Dr. Gengchen Mai has been awarded a $300,000 Methodology, Measurement, and Statistics Research Grant from the National Science Foundation. This grant will fund Mai’s research project entitled “A Statistics-Based Geographic Bias Quantification and Debiasing Framework for GeoAI and Foundation Models.” Dr. Gengchen Mai is an Assistant Professor at The University of Texas Department of Geography and the Environment.
Pioneering studies show that AI models, especially foundation models, can amplify biases embedded in the data, leading to severe societal outcomes. Although numerous efforts have been made to quantify and mitigate bias in AI models, geographic bias receives much less attention which presents unique challenges. With the NSF grant funding, Dr. Mai and his collaborators aim to develop a statistics-informed framework to measure and mitigate geographic bias for both task-specific geospatial AI models and foundation models.
Dr. Mai believes geographic bias quantification and debiasing is an important but usually overlooked challenge in trustworthy AI. The proposed framework represents a pioneering effort to bridge the gap between AI and societal values, with broad implications for the ethical development of AI across multiple domains.
This project has been made possible by support from many. Dr. Mai thanks his co-Principal Investigator, Dr. Ninghao Liu from the University of Georgia. He also would like to thank his collaborators, Dr. Guofeng Cao from University of Colorado Boulder and Dr.

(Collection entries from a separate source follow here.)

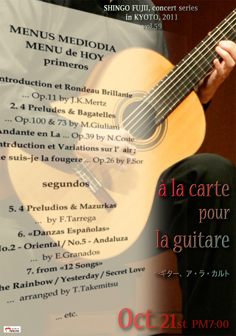 「ア・ラ・カルト」本当だったら客席の皆様のご希望に応えながら演奏したいところですが、そうも参りません。クラシックから現代まで、様々な曲をご堪能下さい。ジュリアーニから、タレガ、そしてグラナドスや武満まで、広範なギター曲を網羅します。(藤井眞吾/8月)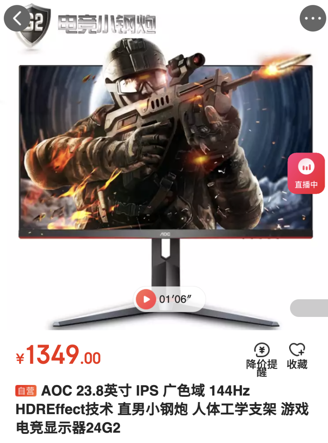 AOC 24G2 售价 1349 元,适合主流游戏玩家入手。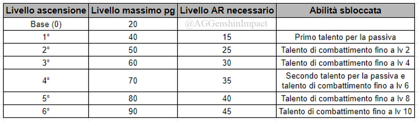 Ogni personaggio può ricevere un'ascensione (limit break) fino a 6 volte. I materiali base per l'ascensione si ottengono dai boss elite e dai nemici. Ogni limit break del pg sblocca: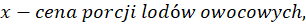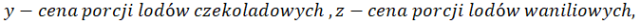 W tym zadaniu musisz określić, które lody były najdroższe, jeżeli dwie porcje lodów owocowych kosztuje tyle samo co porcja lodów czekoladowych i porcja lodów waniliowych. Ponadto za dwie porcje lodów czekoladowych trzeba zapłacić tyle, ile za jedną porcję lodów owocowych i dwie porcje lodów waniliowych.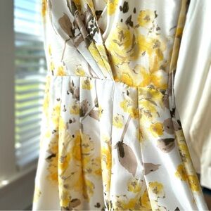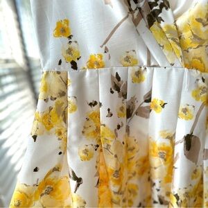 * polyester fabric has a sheen and a bit of texture in the weave, looks like Thai silk. Beautiful yellow & tan floral print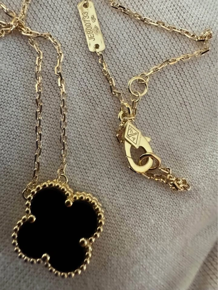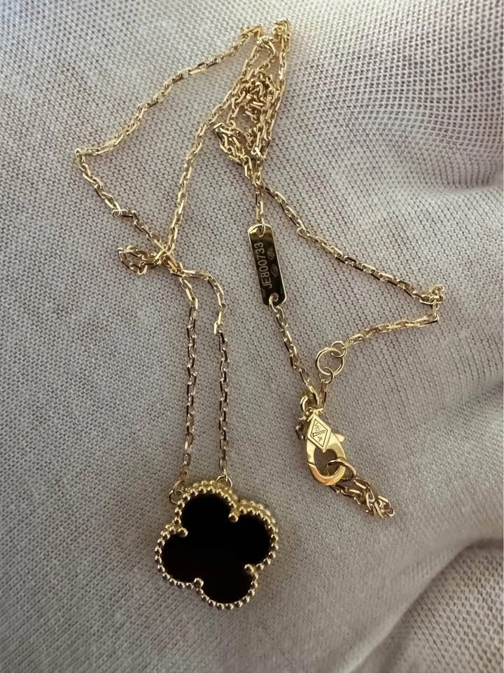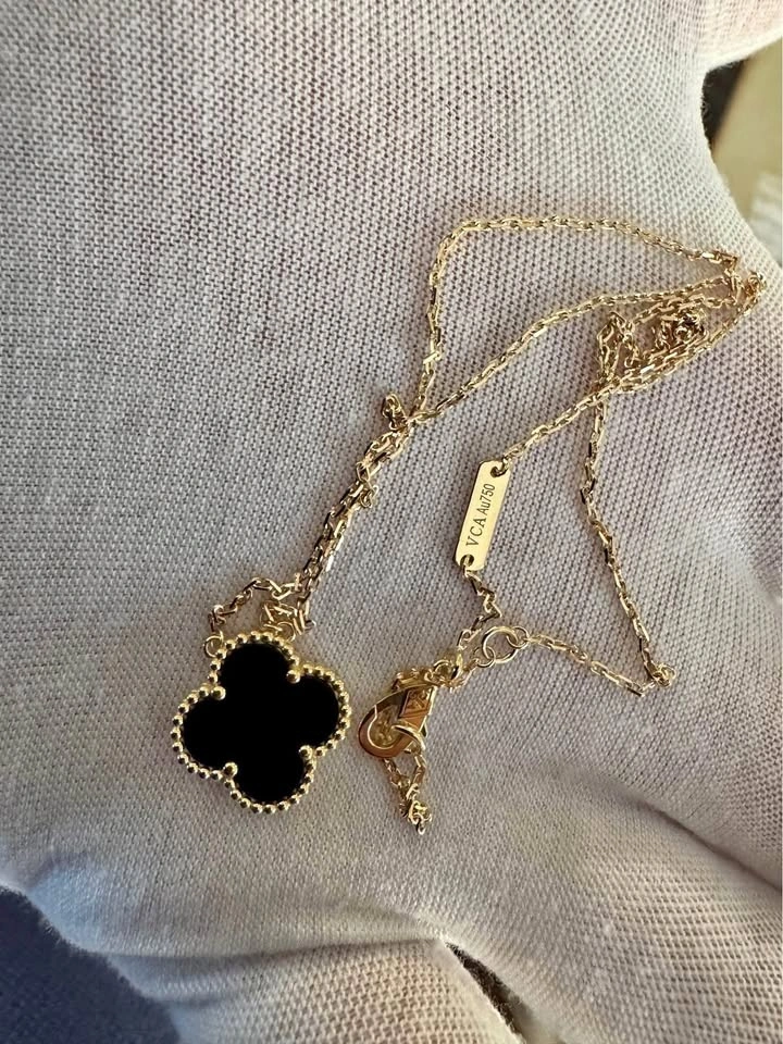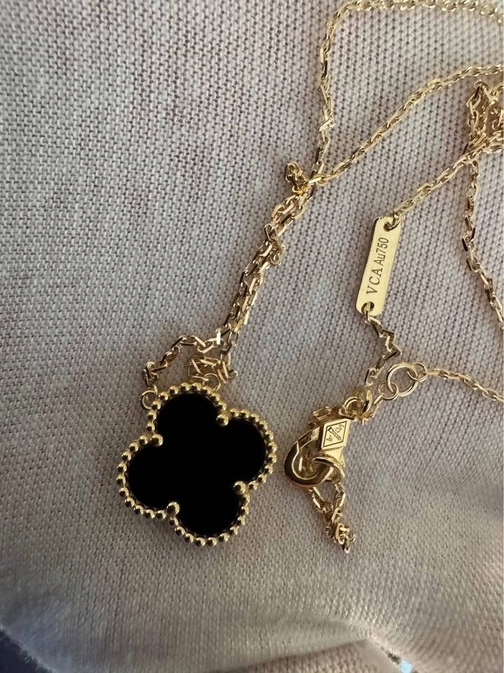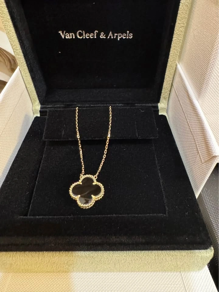 Van Cleef VCA SOLID 18k yellow gold with Black Onyx pendant. Chain is around 16.5 inches. Pendant is 15 mm. Comes with box, shopping bag, and card.
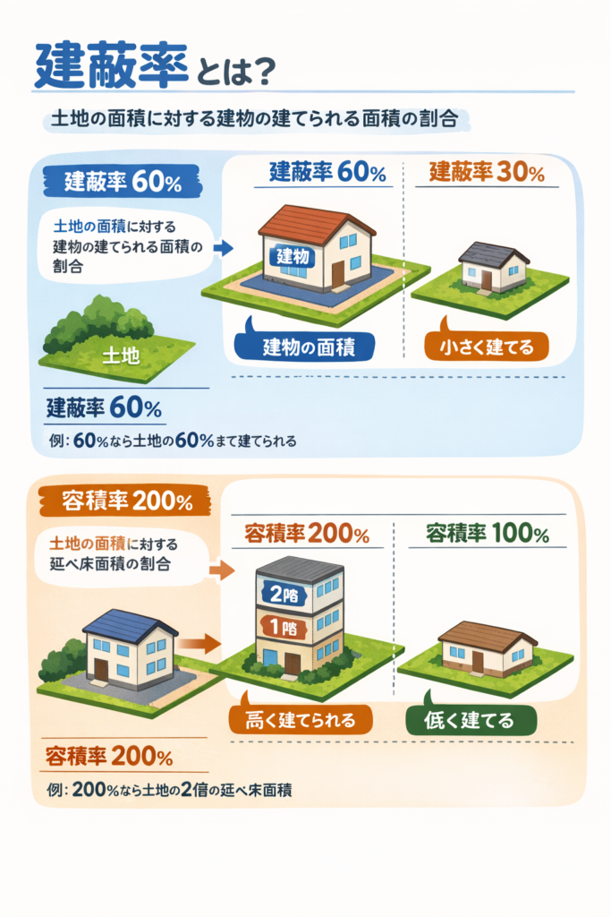 🧱 建蔽率(けんぺいりつ)= 土地に置ける“レゴの広さ”のルール 土地の上に、どれくらい“ひろく”家を置いていいかを決めるルール。 レゴでたとえると… 土地=レゴの土台 家=レゴの建物 建蔽率60% → 土台の60%まで建物を置いてOKつまり、土台の半分以上を... -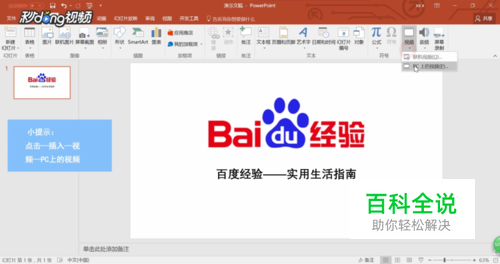 打开PPT,点击上方菜单栏中的“插入”再点击“视频”选择“PC上的视频”
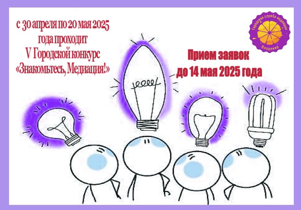 Напоминаем, что с 30 апреля по 20 мая 2025 года проходит V Городской конкурс «Знакомьтесь, Медиация!», организованный Городской службой медиации ДООспЦ.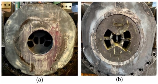 Porthole extrusion dies used in experimental trials of the extrusion of tubes of Ø50 × 2 mm from aluminum 7021 alloy 2 by using the 7-inch 2500 T hydraulic press: (a)—die 1; (b)—die 2.
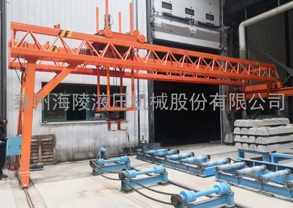 我公司設(shè)計制造的碼垛機由行走航架、升降裝置、自動夾緊定位裝置、減速機、電控系統(tǒng)等組成。設(shè)備整機為鋼結(jié)構(gòu)件。行走航架通過行走電機驅(qū)動減速機帶動鋼軌輪旋轉(zhuǎn),該電機帶剎車,可在任意位置剎車并停止行走。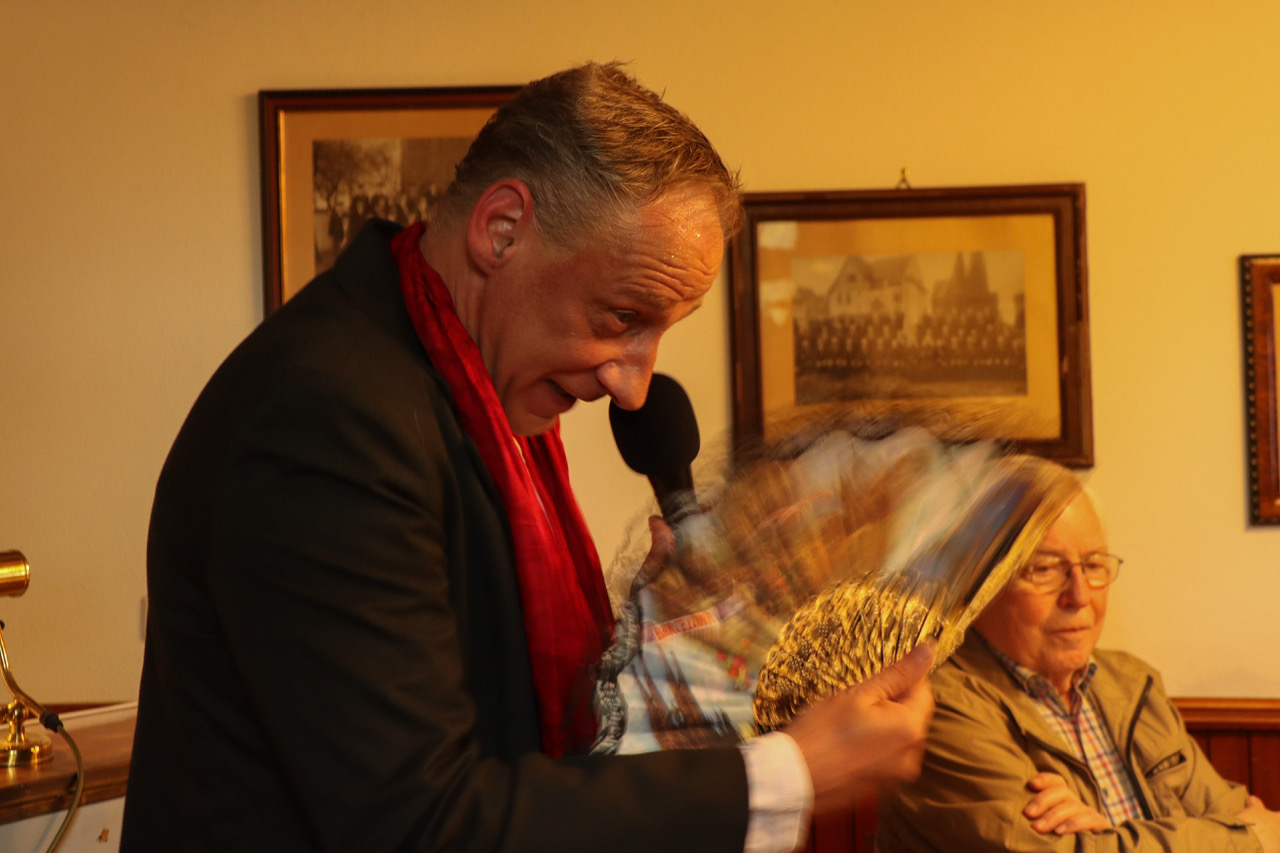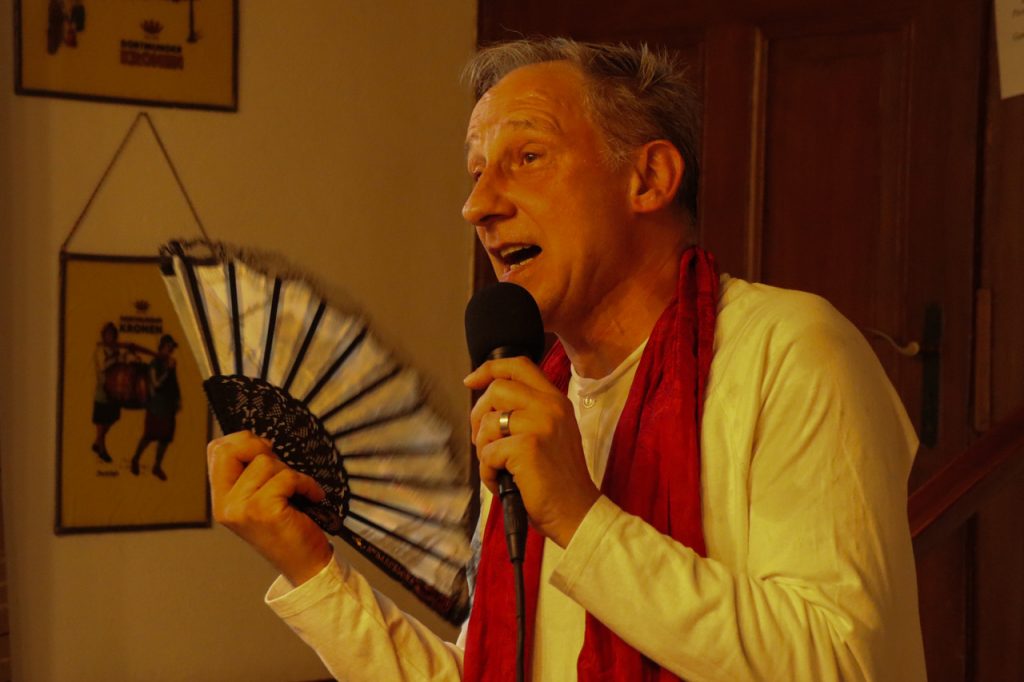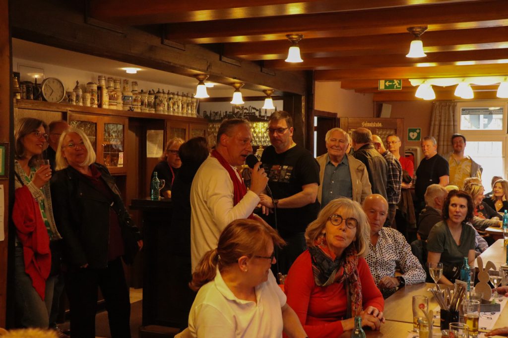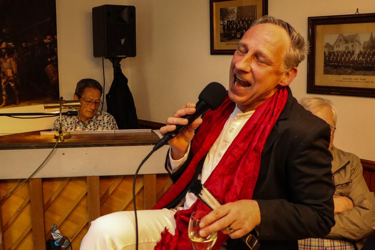 Zu der April-Veranstaltung „Auf`n Pils“ hatte der Heimatverein Mengede für das halbstündige WarmUp vor Beginn der offiziellen Öffnungszeit den Neu-Mengeder und Travestie-Künstler Jörg Zadow alias Sophie White und den Pianisten Martin Heider eingeladen.

Ni Lao from Google DeepMind. He also extends his thanks to Dr. Jennifer A. Miller, the Chair of the Department of Geography and the Environment, and to Teal Reid, the Executive Assistant and Department Co-Manager in the Department of Geography and the Environment. Lastly, Mai extends his thanks to Jeff Meserve, Assistant Director of Research Development in the Humanities Institute.